A slightly harder example is to find all the words that are actually numbers. We could use a regular expression for that, but we will instead use a function we create. We use a function that tries to cast a word as a float.

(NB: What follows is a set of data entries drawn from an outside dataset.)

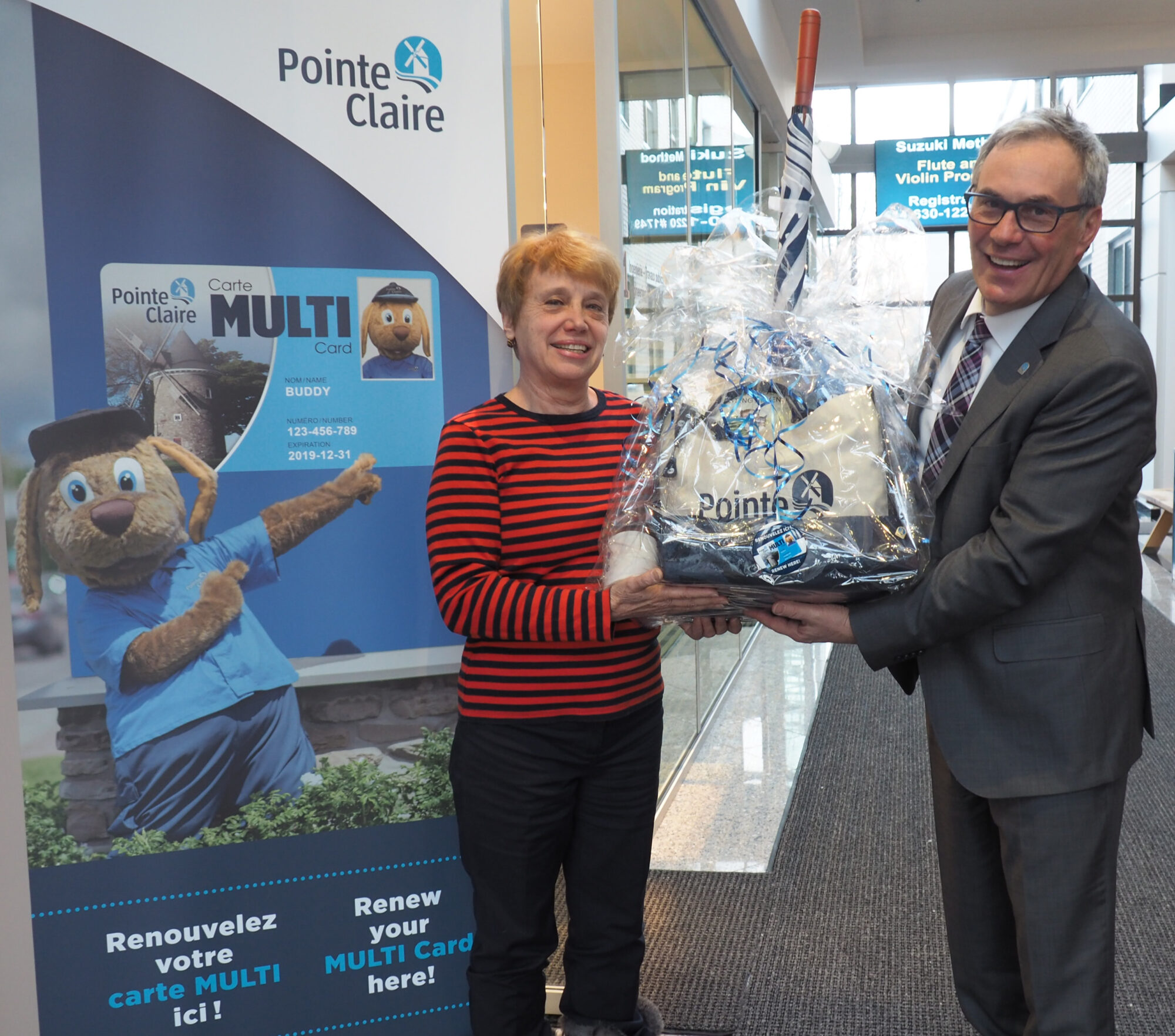 The mayor of the City of Pointe-Claire, John Belvedere, welcomed Ms. Martine Lheman, the winner of the MULTI Card renewal contest for December, at City Hall so she could receive her prize.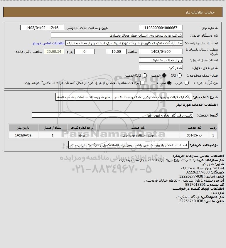 شرح کلی نیاز: واگذاری قرائت و وصول مشترکین عادی و دیماندی در سطح شهرستان سامان و شعب تابعه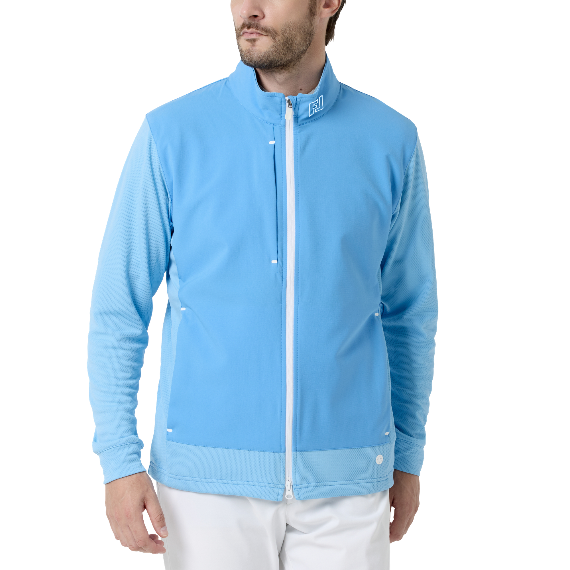 ストレッチ性に優れたニット素材と撥水加工生地を組み合わせ、天候変化にも対応するハイブリッドジャケット。吸湿速乾機能で快適さを保ちつつ、スイングを妨げない設計。脱ぎ着しやすいフルジップ仕様と洗練されたディテールが、プレー中も上品なスタイルを演出します。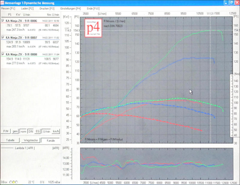 kann den Leistungs- und Drehmomentkurven die jeweiligen Lambda-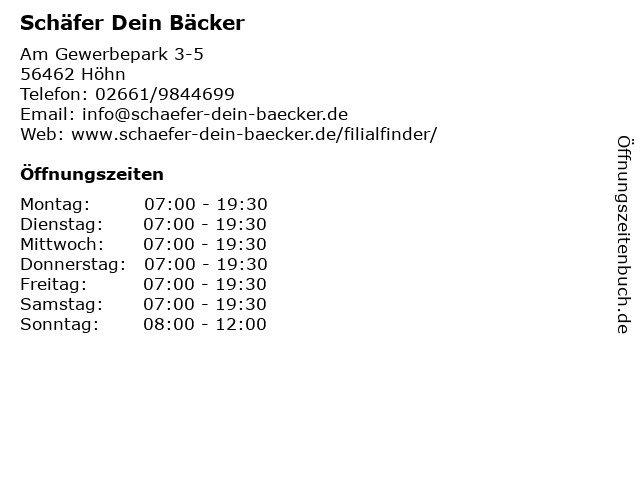 | Öffnungszeiten Schäfer Dein Bäcker in Höhn anzeigen | |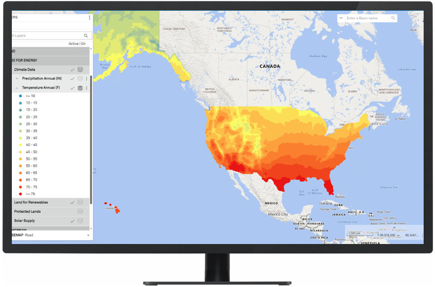 Identify optimal land for renewable projects using enhanced hazard, regulatory, and infrastructure data to meet sustainability goals.
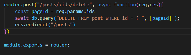 이게 웬걸 삭제버튼만 req.params.id를 읽을수가 없단다.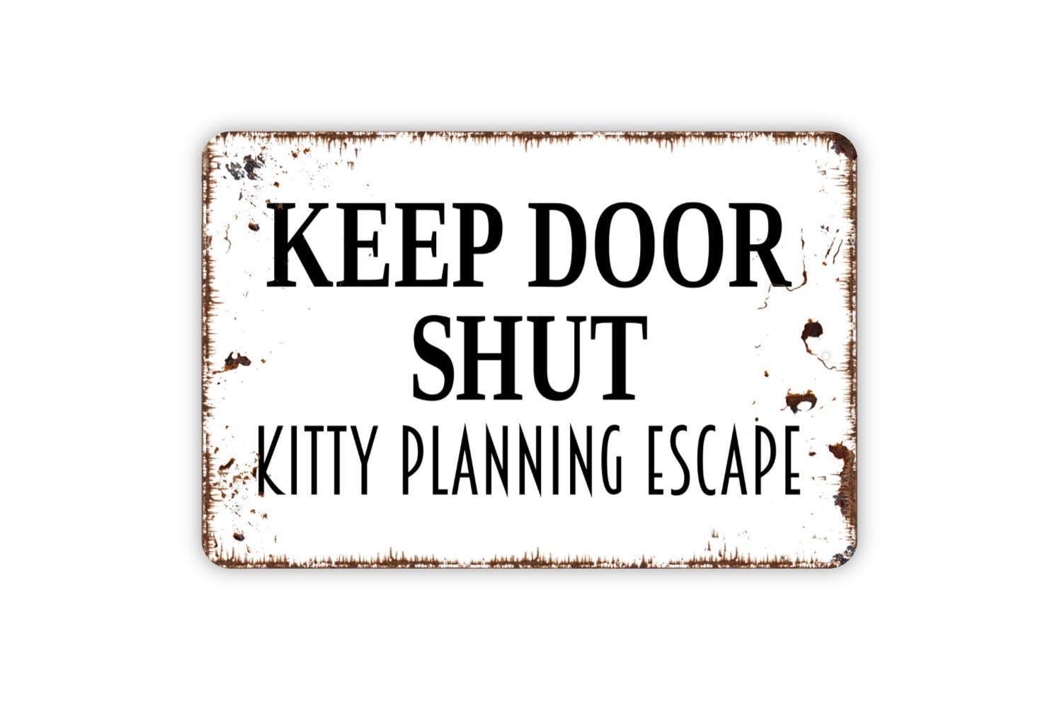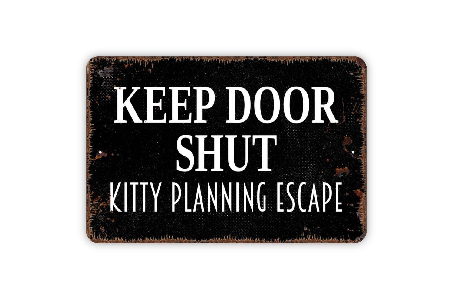 Keep Door Shut Kitty Planning Escape Sign – Funny Cat Lover Wall Decor – Pet Safety Door Reminder – Metal Sign or Vinyl Sticker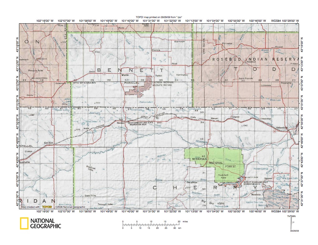 Figure 1: Little White River-Niobrara River drainage divide area general location map (select and click on maps to enlarge). National Geographic Society map digitally presented using National Geographic Society TOPO software.
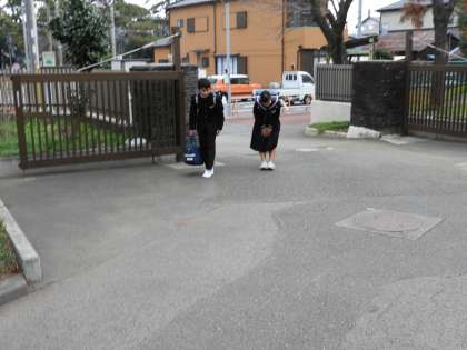 週明けの朝です。すっかり秋めいてきました。今日は雲が空に広がり、小雨がぱらついています。今日も挨拶運動に行ってきました。
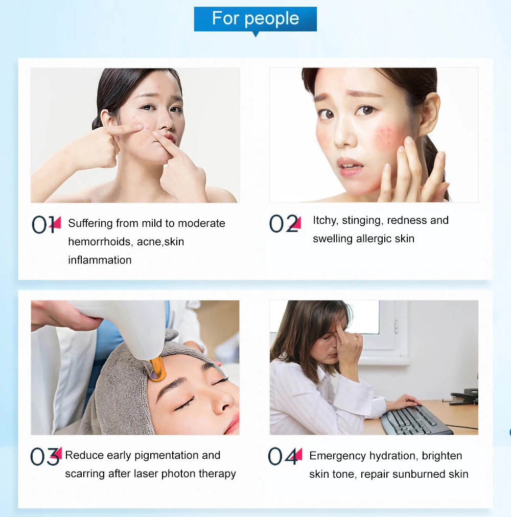 Проблемы с кожей лица, такие как от легкой до средней акне, акне, акне и т. Д. 2: аллергия на кожу. Из-за сезонных изменений, погоды и т. Д., он вызывает сухой зуд, пощипывание, покраснение и отек. 3: После лазерной фотонной терапии. Облегчают раннюю гиперпигментацию после лазерной фотонной терапии и уменьшают роль адъювантной терапии в обработке эпилепсии. 4. Экстренная помощь. Погода сухая, на коже не хватает воды, после работы тусклый и солнечный, после солнечных ожогов красный и опухший.Особенности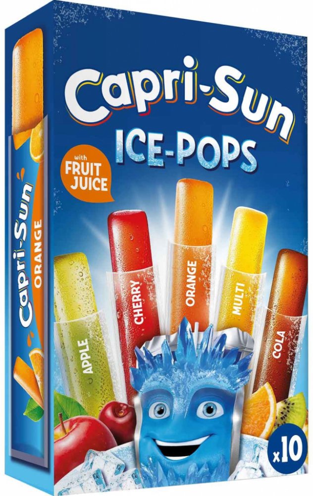 Klasika, nyní jako ledově vychlazený letní hit. Capri-Sun Ice Pops přináší oblíbenou příchuť ovocného nápoje v zmrazené formě přímo do vašeho mrazáku. Každé balení obsahuje deset jednotlivě porcovaných ledových lízátek, které poskytujírozmanitost a ovocné osvěžení. Příchutě jablka, třešně, pomeranče, multivitaminu a coly nabízejí barevný chuťový zážitek připomínající slunečné dny a bezstarostné dětství. Jednoduše zmrazte, roztrhněte a vychutnejte si – bez lžičky a nepořádku. Ať už jako sladkou svačinku mezi jídly nebo jako vrchol vaší příští zahradní párty, tyto ledové lízátka přinášejí do vašeho mrazáku celou škálu příchutí Capri-Sun. Ideální pro fanoušky kultovní značky, mladé i staré.Složení: Voda, cukr, ovocná šťáva z koncentrátu (pomeranč, citron, limetka, jablko, ananas, banán, kiwi, mučenka, višně), přírodní pomerančové aroma s dalšími přírodními aromaty, aroma, směs vitamínů (vitamin C, niacin, vitamín E, vitamín B6, vitamín B1, biotin), antioxidant (kyselina askorbová), barvicí koncentráty ze světlice barvířské, citronu, jablka, mrkve, bezu černého, černého rybízu, barvivo siřičitan amonný, cukrový likér, konzervant (benzoan sodný), okyselující látka (kyselina citronová), stabilizátor (guma tara).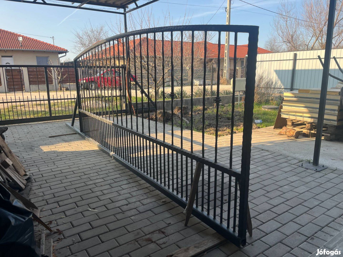 Bontott kovácsoltvas jellegű úszókapu, galvanizált, szinterezett.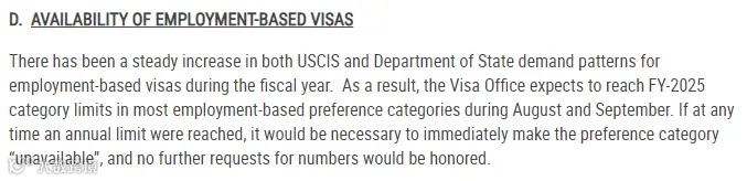事实上,国务院对EB-2签证配额告罄的情况早有预警——早在今年8月和9月份的签证公告中,就已多次发出明确提示: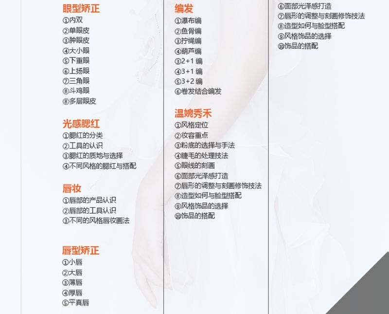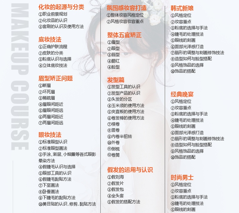 新娘跟妆基础班旨在培养具备专业新娘跟妆技能的人才,使学员能够熟练掌握新娘妆容的设计、化妆技巧及发型设计,为新娘提供多方位的美妆服务。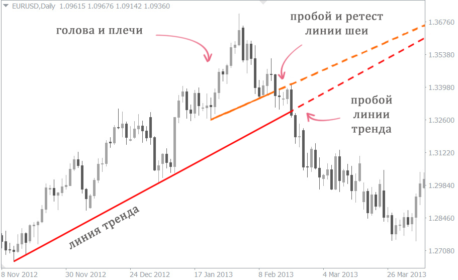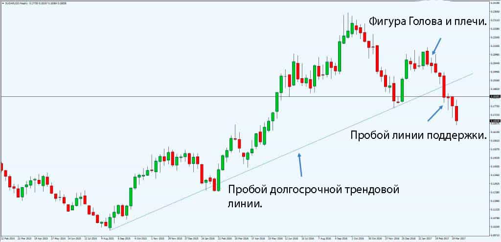 Также мы можем комбинировать данные методы с графическими фигурами движения цены. К примеру, рубежом обороны для покупателей были долгосрочная линия тренда и область поддержки. Также цена образует фигуру голову и плечи.
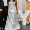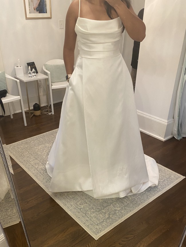 A Paloma Blanca that was the most beautiful & comfortable dress I could’ve gotten married in. Loved the flattering square neckline and pockets!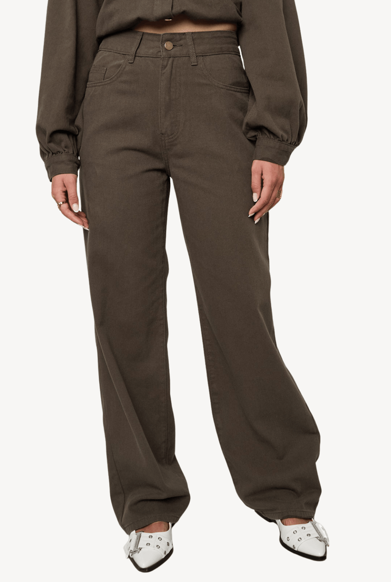 Deze high-waist broek in stevig twill geeft elke look een nonchalante, moderne vibe. De rechte, wide-leg pijpen vallen mooi langs het been en verlengen optisch, terwijl de middelhoge tot hoge taille je silhouet flatteert. Minimalistisch design met steekzakken en een klassieke rits- en knoopsluiting—makkelijk te stylen van casual tot smart.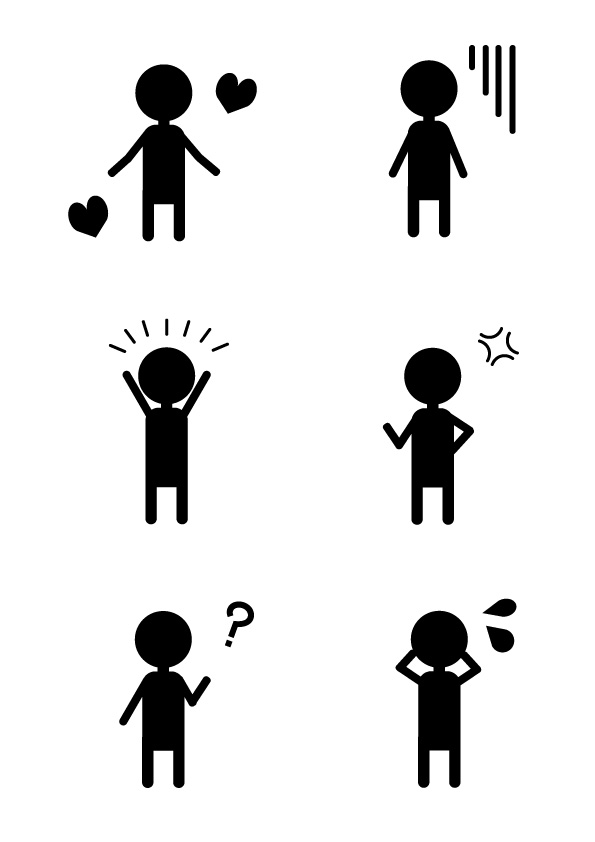 「ピクトグラム」を検索するとスポーツなど動きを表すものが多くヒットしたので、感情を表すピクトグラムを作成してみました。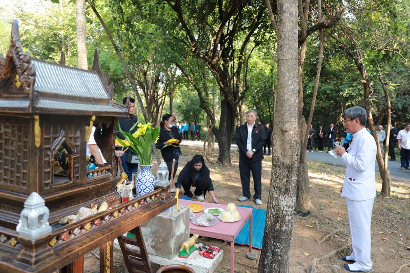 ในช่วงเช้า บุคลากรได้ร่วมพิธีสักการะ พระพรหมเทวา ไหว้ เจ้าพ่อเขากาฬคีรี และ ศาลปู่ไพรโสฬสธ์ เพื่อกราบไหว้สิ่งศักดิ์สิทธิ์ที่ปกป้องคุ้มครองพื้นที่ มจธ. ราชบุรี

If this fails, we know the word is not a float, so we return False.

def float_p(word):
try:
float(word)
return True
except ValueError:
return False

print [word for word in words if float_p(word)]

# here is a functional approach
print filter(float_p, words)

... ... ... ... ... >>> ['5', '10']
['5', '10']


Finally, we consider filtering the list to find all words that contain certain symbols, say any character in this string “./=*#”. Any of those characters will do, so we search each word for one of them, and return True if it contains it, and False if none are contained.

def punctuation_p(word):
S = './=*#'
for s in S:
if s in word:
return True
return False

print [word for word in words if punctuation_p(word)]
print filter(punctuation_p, words)

... ... ... ... ... >>> ['units.', 'dimensionless.', 'modification.', 'want.', 'numbers.', '=', '*', 'u.m', '=', '*', 'u.m', '#', 'a/L', 'type(a/L)']
['units.', 'dimensionless.', 'modification.', 'want.', 'numbers.', '=', '*', 'u.m', '=', '*', 'u.m', '#', 'a/L', 'type(a/L)']


In this section we examined a few ways to interact with lists using list comprehension and functional programming. These approaches make it possible to work on arbitrary size lists, without needing to know in advance how big the lists are. New lists are automatically generated as results, without the need to preallocate lists, i.e. you do not need to know the size of the output. This can be handy as it avoids needing to write loops in some cases and leads to more compact code.